Tommy finished the cigarette and flicked it toward the road, watching it flare briefly before it exploded on the ground and faded to nothing.

‘If you want to walk away, I understand,’ he said. ‘I won’t blame you for it.’

‘I don’t want to walk away,’ said Dempsey. ‘But I don’t want to die either.’

‘So what’s left?’

‘You don’t owe them, Tommy. You don’t owe any of them.’

They looked at each other, and Dempsey was aware that, for the second time in recent days, he was discussing the possibility of a monumental act of betrayal, the very act that he had intimated might have led to Tommy’s downfall. He tensed his abdomen, waiting to absorb the punch that might come, or the hand to the throat, or the gun beneath the chin and the oblivion that would follow. There had been times in the past weeks and months when he thought he might even have welcomed the peace that a bullet would bring. But Tommy didn’t make a move, and he didn’t look angry or even surprised. He even appeared to consider the possibility for a moment, then swat it away. For the first time, Dempsey truly understood that Tommy had resigned himself to what was to come. This garbage-strewn, weed-scarred parking lot was his Gethsemane. Only the thought of his niece was keeping him from facing his enemies directly and embracing their final judgment on him.

‘I can’t do that, Martin. You know I can’t.’ Gently, he laid a hand above Dempsey’s heart and tapped his finger in time to its beats. ‘And you can’t do it either. If you did, I’d make sure that I lived long enough to kill you myself. We’re not rats, Martin. Never that.’

Dempsey nodded sadly.

‘You’re right. I don’t know what I was thinking. I’m frightened, I suppose.’

‘You don’t have to be frightened, Martin. We might get out of this yet. And if we don’t, well, I’ll be there with you at the end. You know that, don’t you?’
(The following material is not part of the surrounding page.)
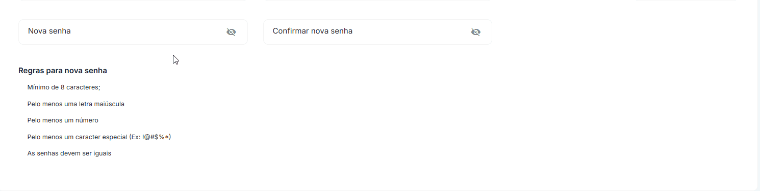 - As senhas devem ser iguais nos campos “Nova Senha” e “Confirmar Nova Senha”.
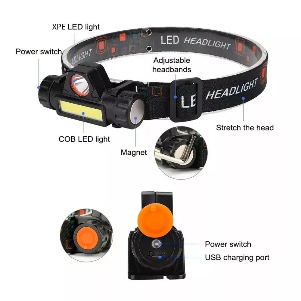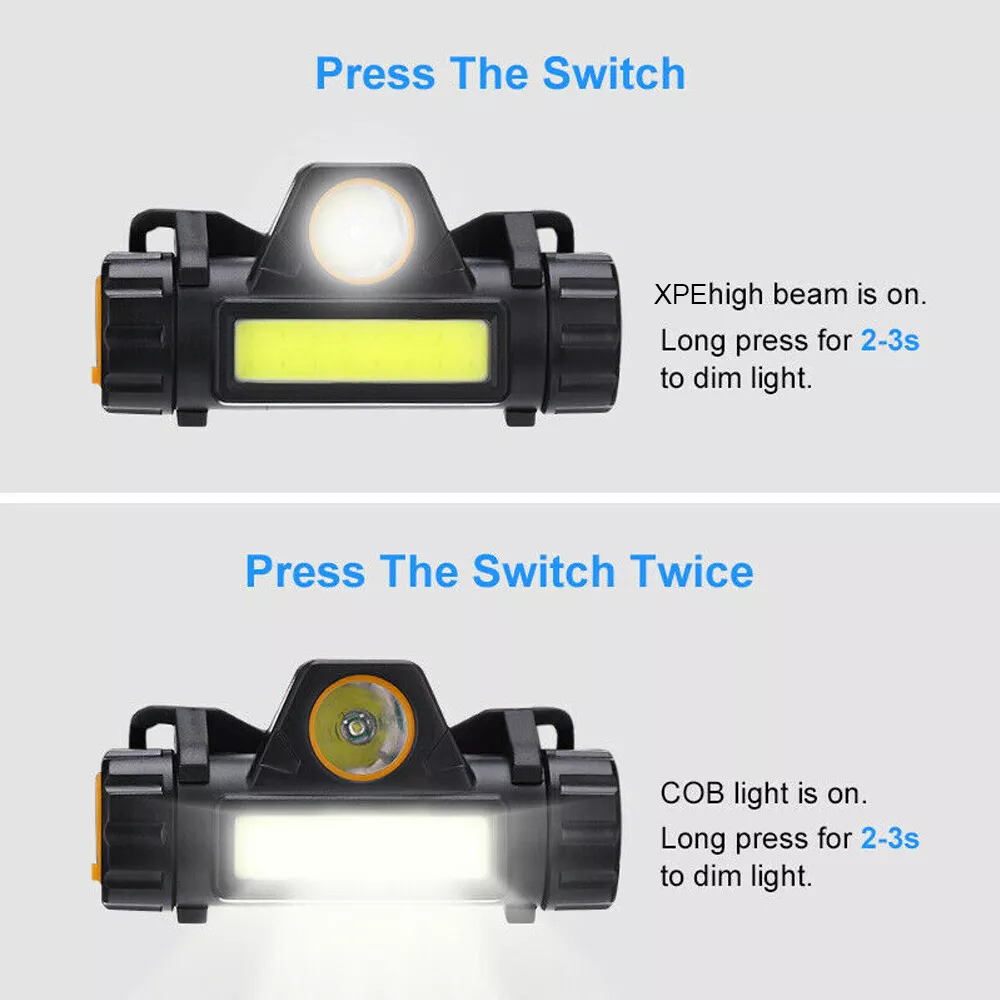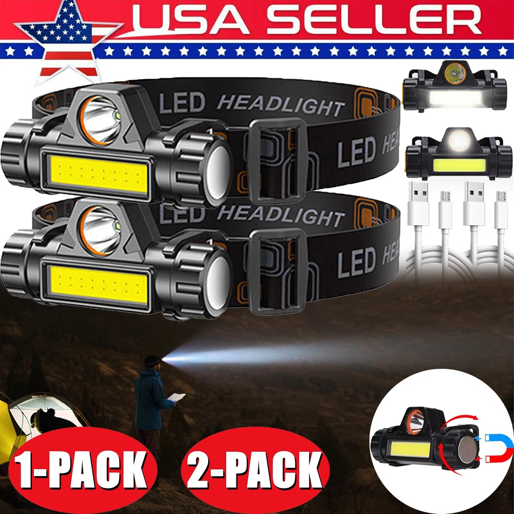 1-2Pack USB Rechargeable Waterproof LED Headlamp Headlight Head Light Flashlight Features: ✅【EASY TO USE】Single-button design with two light resources: Spotlight and Floodlight. In any mode, if you hold the power button for 3 seconds, you can easily adjust the brightness of this led rechargeable headlamp to meet your different lighting needs. ✅【SUPER BRIGHT & RECHARGEABLE】The headlamp flashlight has the maximum brightness of 1000 lumens, easily light up an entire tent, room and road. The rechargeable head light can last for 4-6 hours after full charge and allow you to charge and turn on the light at the same time. ✅【LIGHTWEIGHT & WATERPROOF】Weighing only 2.5oz and IPX5 waterproof rate, the headlamp is perfect for anyone who needs a led headlamp whether it is raining or snowing, indoors or outdoors. It is also a great rechargeable headlight for running, hiking, camping, climbing, fishing, hunting, etc. ✅【ADJUSTABLE ANGLE & STRAP】The head lamp can be adjusted downward by 90 ° and tightly fixed to avoid shaking and sliding when running. The led head flashlight uses comfortable elastic headband, which can easily adjust the length to perfectly fit your head size. It is a perfect headlamp for adults and kids. ✅【MAGNETIC & DETACHABLE】Designed to solve lighting challenges from any angle, the usb rechargeable headlamp body also easily detaches from the head strap and mounting bracket to become a versatile handheld flashlight with a built-in magnetic base for attachment to metallic surfaces. Specification: Type:Head Light Flashlight Material: ABS Color: Black Lamp bead model: XPE+COB Luminous lumen: XPE150LM+COB200LM Waterproof grade: life waterproof Range: approximately 300m Gear: 2 gears Angle adjustment: 90 ° Number of LED beads: 1 XPE+16 COB Input voltage: MICRO USB 5V power supply Charging time: 6.5h Power: 5W Battery Capacity:800 mAh Mode: Main light XPE always on+Side light COB always on Package includes: 1-2 X COB flashlight Headlight 1-2 X micro USB Charging cable 1-2 X Packaging box Shipping Payment Return & Refund policy Feedback Customer Support - Contact Shipping FREE SAME BUSINESS DAY MONDAY- FRIDAY SHIPPING FROM USA. All orders and payments received before 4PM EST (1PM PST) will be shipped the same business day. All other orders within 1 business day. No shipping on Weekends or US Public Holidays. No responsibility for any custom duty Shipping information will be updated when available. Payment We accept payment via PayPal. Use PayPal at checkout to pay with credit or debit. Immediate payment is required. Shipping will be arranged within 1 business day once payment is cleared. Return & Refund policy 1.We stand behind our items and offer 60 days warranty. All items are in new and working condition unless specified otherwise elsewhere in the description. 2.All Returns - defective or otherwise - MUST BE PREAUTHORIZED to guarantee refund or exchange. Please contact us to get an authorization and return address. 3.Buyer agrees to pay for the cost of re-shipment for undeliverable or wrong addresses. 4.Buyer is responsible for Return Postage as well as a 20% restocking fee if return/replacement is not a result of our mistake such as wrong item. 5.Replacement or Refund will be made upon receipt of the returned item. Please include tracking number so we can process ASAP. If you do not wish to wait for a replacement, please repurchase the item. 6.ALL REFUNDS will be processed via PayPal. Please double check via PayPal history and transaction for confirmation. PayPal will send it back to whatever you used to pay within 3-5 days. Feedback We strive to provide the best products and services. If anything about your transaction did not meet expectations, please CONTACT US and give us the opportunity to make things right. We are always here to help. Customer Support - Contact Please do not hesitate to CONTACT US. You can message 24/7 on eBay for all questions and inquiries. We will get back to you within 1-2 business days at the latest.

His hand moved from Dempsey’s breast to the back of his neck, his big palm cupping it fondly. There was no threat to it. It was a moment of contact between a father and a beloved, if sometimes troublesome, son, the older man letting the younger understand that he would guide him on the right path. Dempsey knew Tommy well, had learned to judge his moods and his silences, the cadences of his sentences and the meaning hidden in the pauses in his speech. He closed his eyes and smelled Tommy’s breath on his face, and the sweat from the journey, and the smoke on his hair and his clothes. Dempsey thought of his own father. How long had it been since he’d seen him: six, seven years? They had never been close, and his mother’s death had not brought them any closer. His father now lived somewhere outside Phoenix, in a house that he had bought with his second wife’s insurance money. The old man had outlived two of his women, and Dempsey believed that he might outlive one or two more. He was a hard man, but he drew women to him, drew them to him and then ground them down. Dempsey had never been to Phoenix. He wondered if he would ever make it now.

Tommy’s hand lifted. He patted Dempsey on the back.

‘Let’s go inside. It’s cold out here.’

‘I was going to order a pizza. I haven’t eaten since morning. You want something?’

‘No, I’m good.’

‘You should eat, Tommy. It’s not good for you to be starving yourself. You’ll need your strength. We’ll need your strength.’

‘You’re right, Martin. Let me know when it comes. Maybe I’ll grab a slice of yours.’

They walked back toward the motel. Ryan stood at the open door of his room. When he saw them coming, he went inside. Dempsey noticed how still the night was, how quiet. Their voices had probably carried back to Ryan. He was always curious, was Ryan. He was always listening. Who had said that to Dempsey once?

It came to him: Joey Tuna. Old Joey, who was trusted by everyone, or was said to be trusted by everyone, but trusted no one. Mr. Indispensable. Everybody’s friend. He was gone now, but he’d have his revenge, even from beyond the grave. Men would kill them in his name, mourning him publicly even as they expressed private relief at his passing, because a man who is everybody’s friend really has no friends at all.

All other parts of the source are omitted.